If x = 5 units, y = 7 units, and h = 6 units, find the area of the trapezoid shown above using decomposition.
Area of trapezoid = (x + y) * h / 2
Area of trapezoid = (5 + 7) * 6 / 2
Area of trapezoid = 12 * 6 / 2
Area of trapezoid = 72 / 2
Area of trapezoid = 36 units^2
To find the area of the trapezoid using decomposition, we can divide it into two simpler shapes: a rectangle and a triangle. Then, we can calculate the individual areas of these shapes and add them together to find the total area of the trapezoid.

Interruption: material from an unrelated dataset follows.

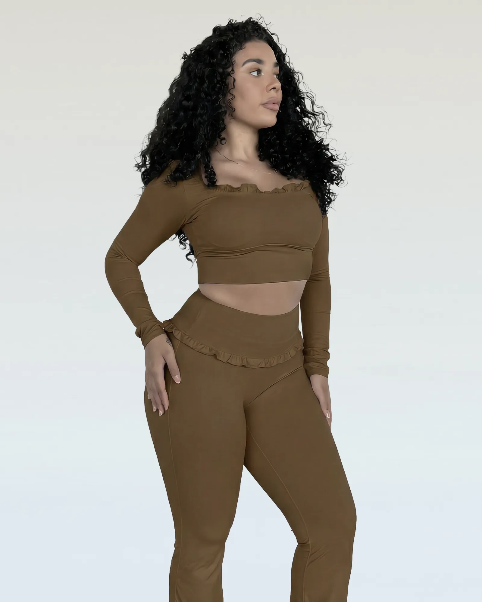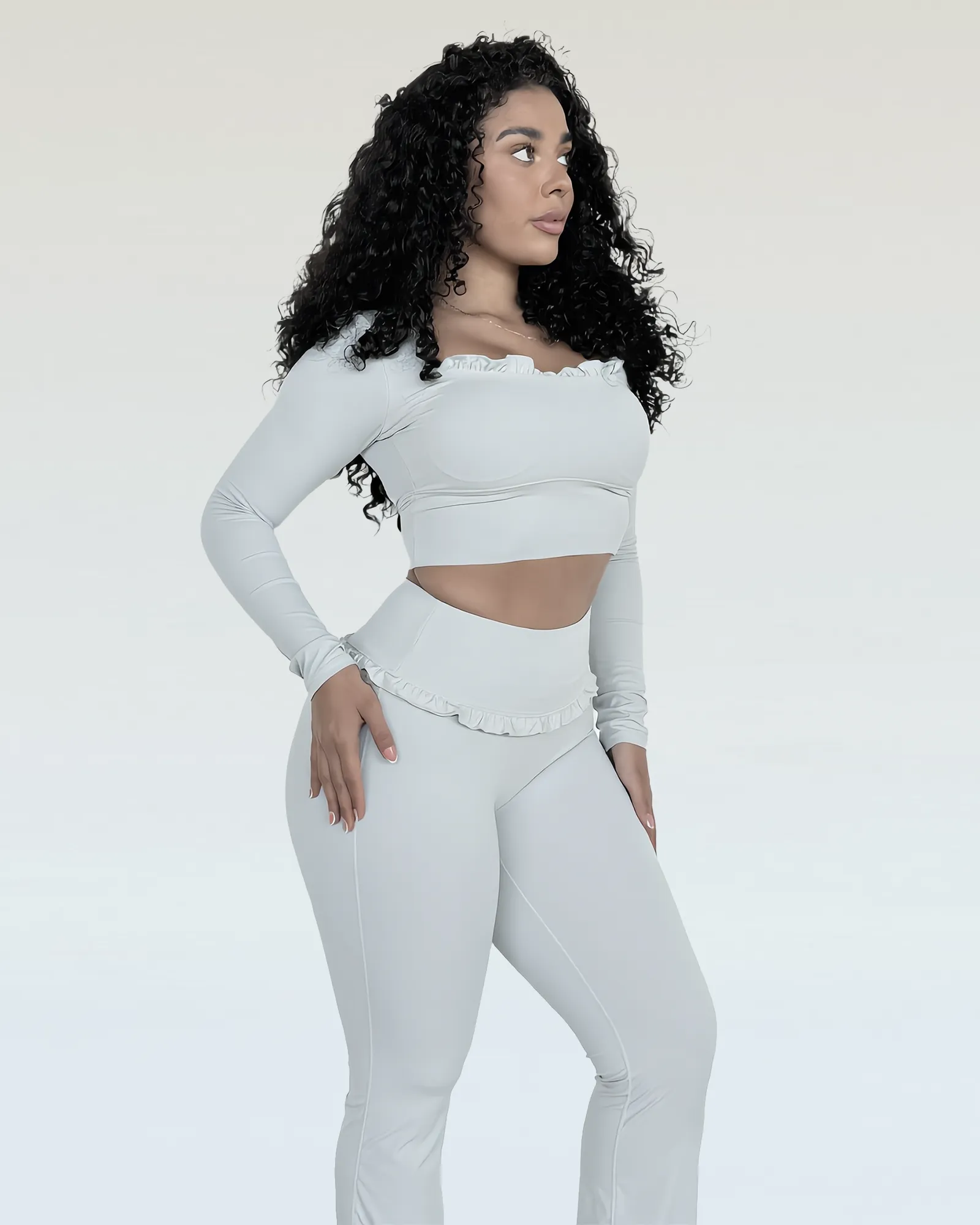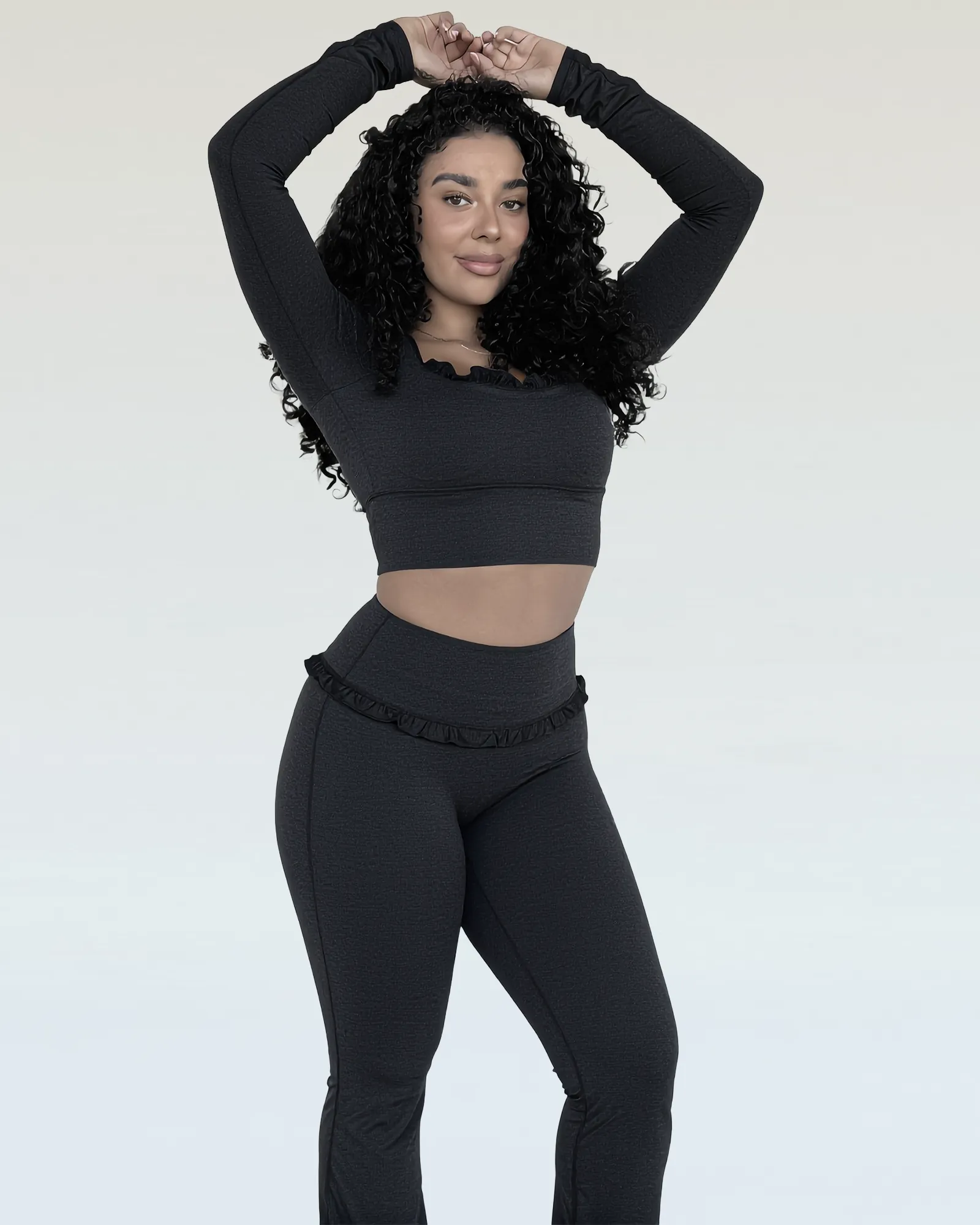 Este conjunto está elaborado en una mezcla premium de 75% nylon y 25% elastano, pensada para ofrecer elasticidad, ajuste favorecedor y comodidad superior. Su tejido se adapta al cuerpo de forma natural, realzando la silueta sin limitar el movimiento.

First, let's identify the different parts of the trapezoid. The longer parallel sides are called bases, and the shorter sides are called legs. In this case, the bases are the sides with lengths x = 5 units and y = 7 units. The perpendicular distance between the bases is called the height, which is h = 6 units.
Now, we can calculate the area of the trapezoid using decomposition:
1. Calculate the area of the rectangle: The base of the rectangle is the length y = 7 units, and the height is the same as the trapezoid's height, h = 6 units. The area of the rectangle is given by the formula: Area_rectangle = base * height = y * h = 7 * 6 = 42 square units.
2. Calculate the area of the triangle: The base of the triangle is the difference between the lengths of the two bases, so Base_triangle = y - x = 7 - 5 = 2 units. The height of the triangle is the same as the trapezoid's height, h = 6 units. The area of the triangle is given by the formula: Area_triangle = (1/2) * base * height = (1/2) * (y - x) * h = (1/2) * 2 * 6 = 6 square units.
3. Add the areas of the rectangle and the triangle to find the total area of the trapezoid: Area_trapezoid = Area_rectangle + Area_triangle = 42 + 6 = 48 square units.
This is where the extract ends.